How to Get Nurses Back on the (Better) Job

By Jeff Richards

The country has lost a lot of nurses and it needs to get them back.

About 100,000 nurses left the profession from 2020 through 2021, a 40-year record set during the worst of the Covid-19 pandemic. To make it worse, many of them were under the age of 35 and most were employed in hospitals. And the staffing crisis has not ended with the easing of the pandemic. According to a report by the National Council of State Boards of Nursing (NCSBN), more than 800,000 nurses – one-fifth of the total workforce – intend to leave by 2027, citing stress, burnout and retirement. 

While the pandemic drastically worsened the nursing shortage, it was not the sole cause of it. The nursing population, like so many other professions, is aging. There are approximately one million nurses over age 50, meaning a third of the workforce will be at retirement age in 10 to 15 years. Paradoxically, as these Baby Boomer nurses retire, they will help create a need for more nurses.   

“The data is clear: the future of nursing and of the U.S. healthcare ecosystem is at an urgent crossroads,” said Maryann Alexander, NCSBN Chief Officer of Nursing Regulation. “The pandemic has stressed nurses to leave the workforce and has expedited an intent to leave in the near future, which will become a greater crisis and threaten patient populations if solutions are not enacted immediately.”

Hospitals, nursing homes and other facilities have had to operate at diminished capacity because they do not have enough nurses. This threatens the quantity and quality of care available to patients. Healthcare has taken notice of the crisis and is taking belated steps to address it.   

In August, the U.S. Department of Health and Human Services announced awards of more than $100 million to train more nurses and grow the workforce. These investments will address the increasing demand for registered nurses, nurse practitioners, certified nurse midwives, and nurse faculty. The American Hospital Association has undertaken programs to retain and attract nurses, including paying back student loans, providing childcare and transportation, and implementing programs that address mental and physical health. 

Retention strategies are not enough

While these efforts are praiseworthy, retaining current nurses and recruiting new ones will not resolve this crisis. We need many of the experienced nurses who left their profession in the past four years to come back. While some have, the number needs to be much higher to alleviate the shortage, at least in the short term.

Of course, many of these nurses are not coming back. They’ve either found other work or are enjoying their well-earned retirements. But I believe there are tens of thousands of others who would come back if conditions were improved.

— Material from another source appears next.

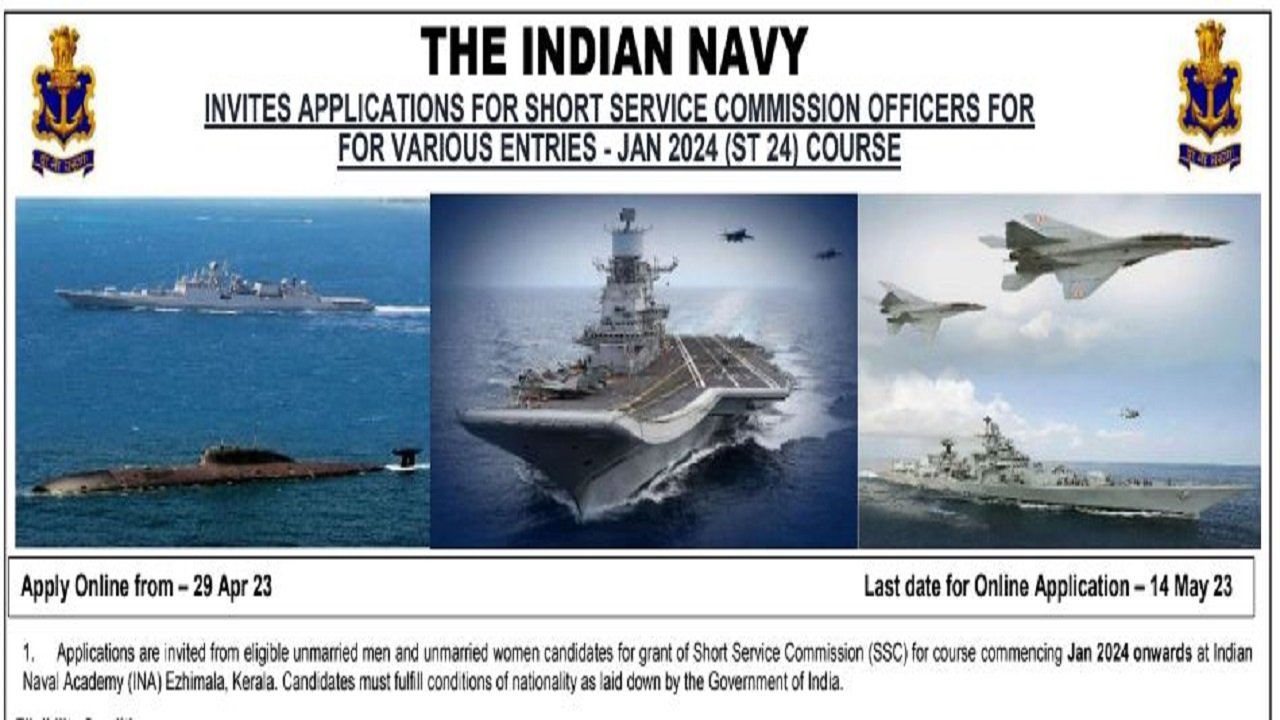 Indian navy recruitment 2024, apply online for cadet entry.

No one goes into nursing for the paycheck or because they think it will be an easy job. They become nurses because they have a calling and for some, even those driven from the profession by Covid-19 or burnout, that desire still flickers within.

However, even those who miss nursing the most are unlikely to return to a job with the same problems that caused them to leave in the first place. 

In the past few years, nurses have gone on strike across the country. In many cases, higher pay wasn’t their main demand. Instead, they’re fighting for better working conditions and increased staffing levels that would allow them to deliver care in the way they knew it should be delivered. That indicates what matters most to them. 

Reskilling and re-recruitment strategies

Healthcare organizations that need nurses must make it easier and more attractive for them to return. They can do this by being more flexible in scheduling to accommodate nurses who’d like to come back part-time and to allow more of a work-life balance. Investments in workforce management technology that allow employers greater transparency and control can help achieve that.

These technology platforms also make it easier for nurses who might prefer to work short-term or do shift work to return to the profession.  

Rather than depending on staffing agencies to supply contract workers, healthcare systems can use these solutions to more efficiently manage their internal resource pool of nurses, therapists, technicians and other employees. This reduces reliance on agencies, saves money, and benefits workers.

Another powerful recruitment tool is offering reskilling opportunities. This involves giving current and returning nurses the training they need to practice a different type of nursing than what they had done previously. Enabling nurses to move from acute care to long-term care or from ambulatory care to school nursing could entice some to return or stay in the field. And, in some cases, that would allow them to earn more pay – another incentive. And, unlike nursing school which can take four years, reskilling usually requires only four to six weeks of additional training. 

Nursing is never going to be an easy profession. It’s difficult, demanding work that requires a special kind of person. That’s not going to change. But nursing can be made more accommodating and more flexible in order to allow nurses who left to return to the field and thrive under improved conditions. Jeff Richards is chief development and operations officer of SnapCare, an AI-enabled workforce marketplace that serves the entire continuum of care.